WORK REQUEST: Your job is to copy the data that follows exactly, every line included.

DATASET EXCERPT:
────────────────

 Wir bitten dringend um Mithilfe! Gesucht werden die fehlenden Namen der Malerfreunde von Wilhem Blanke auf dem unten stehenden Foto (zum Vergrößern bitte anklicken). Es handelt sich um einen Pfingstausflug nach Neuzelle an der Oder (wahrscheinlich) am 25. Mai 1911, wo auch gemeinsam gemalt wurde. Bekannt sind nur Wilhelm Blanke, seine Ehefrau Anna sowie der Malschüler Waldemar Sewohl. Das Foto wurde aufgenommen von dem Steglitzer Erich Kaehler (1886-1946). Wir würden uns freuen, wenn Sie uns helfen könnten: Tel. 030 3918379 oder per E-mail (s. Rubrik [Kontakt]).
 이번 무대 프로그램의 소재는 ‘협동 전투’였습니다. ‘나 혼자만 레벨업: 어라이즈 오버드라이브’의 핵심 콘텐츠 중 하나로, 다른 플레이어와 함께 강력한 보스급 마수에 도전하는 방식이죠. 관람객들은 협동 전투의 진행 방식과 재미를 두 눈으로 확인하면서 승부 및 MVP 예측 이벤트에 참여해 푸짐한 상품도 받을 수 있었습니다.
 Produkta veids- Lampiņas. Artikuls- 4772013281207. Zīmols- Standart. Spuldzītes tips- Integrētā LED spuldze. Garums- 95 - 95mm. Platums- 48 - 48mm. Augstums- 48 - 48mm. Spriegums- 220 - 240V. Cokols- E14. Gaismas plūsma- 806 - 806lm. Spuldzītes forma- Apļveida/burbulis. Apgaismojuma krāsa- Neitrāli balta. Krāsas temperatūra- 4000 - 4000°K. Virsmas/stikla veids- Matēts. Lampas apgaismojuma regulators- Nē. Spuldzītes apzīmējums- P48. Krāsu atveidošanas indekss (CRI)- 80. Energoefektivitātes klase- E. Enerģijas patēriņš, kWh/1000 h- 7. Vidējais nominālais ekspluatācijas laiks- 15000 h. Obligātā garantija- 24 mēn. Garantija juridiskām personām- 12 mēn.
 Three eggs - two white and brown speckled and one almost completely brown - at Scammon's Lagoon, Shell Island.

────────────────

RESPONSE TO THIS EXERCISE:
 Wir bitten dringend um Mithilfe! Gesucht werden die fehlenden Namen der Malerfreunde von Wilhem Blanke auf dem unten stehenden Foto (zum Vergrößern bitte anklicken). Es handelt sich um einen Pfingstausflug nach Neuzelle an der Oder (wahrscheinlich) am 25. Mai 1911, wo auch gemeinsam gemalt wurde. Bekannt sind nur Wilhelm Blanke, seine Ehefrau Anna sowie der Malschüler Waldemar Sewohl. Das Foto wurde aufgenommen von dem Steglitzer Erich Kaehler (1886-1946). Wir würden uns freuen, wenn Sie uns helfen könnten: Tel. 030 3918379 oder per E-mail (s. Rubrik [Kontakt]).
 이번 무대 프로그램의 소재는 ‘협동 전투’였습니다. ‘나 혼자만 레벨업: 어라이즈 오버드라이브’의 핵심 콘텐츠 중 하나로, 다른 플레이어와 함께 강력한 보스급 마수에 도전하는 방식이죠. 관람객들은 협동 전투의 진행 방식과 재미를 두 눈으로 확인하면서 승부 및 MVP 예측 이벤트에 참여해 푸짐한 상품도 받을 수 있었습니다.
 Produkta veids- Lampiņas. Artikuls- 4772013281207. Zīmols- Standart. Spuldzītes tips- Integrētā LED spuldze. Garums- 95 - 95mm. Platums- 48 - 48mm. Augstums- 48 - 48mm. Spriegums- 220 - 240V. Cokols- E14. Gaismas plūsma- 806 - 806lm. Spuldzītes forma- Apļveida/burbulis. Apgaismojuma krāsa- Neitrāli balta. Krāsas temperatūra- 4000 - 4000°K. Virsmas/stikla veids- Matēts. Lampas apgaismojuma regulators- Nē. Spuldzītes apzīmējums- P48. Krāsu atveidošanas indekss (CRI)- 80. Energoefektivitātes klase- E. Enerģijas patēriņš, kWh/1000 h- 7. Vidējais nominālais ekspluatācijas laiks- 15000 h. Obligātā garantija- 24 mēn. Garantija juridiskām personām- 12 mēn.
 Three eggs - two white and brown speckled and one almost completely brown - at Scammon's Lagoon, Shell Island.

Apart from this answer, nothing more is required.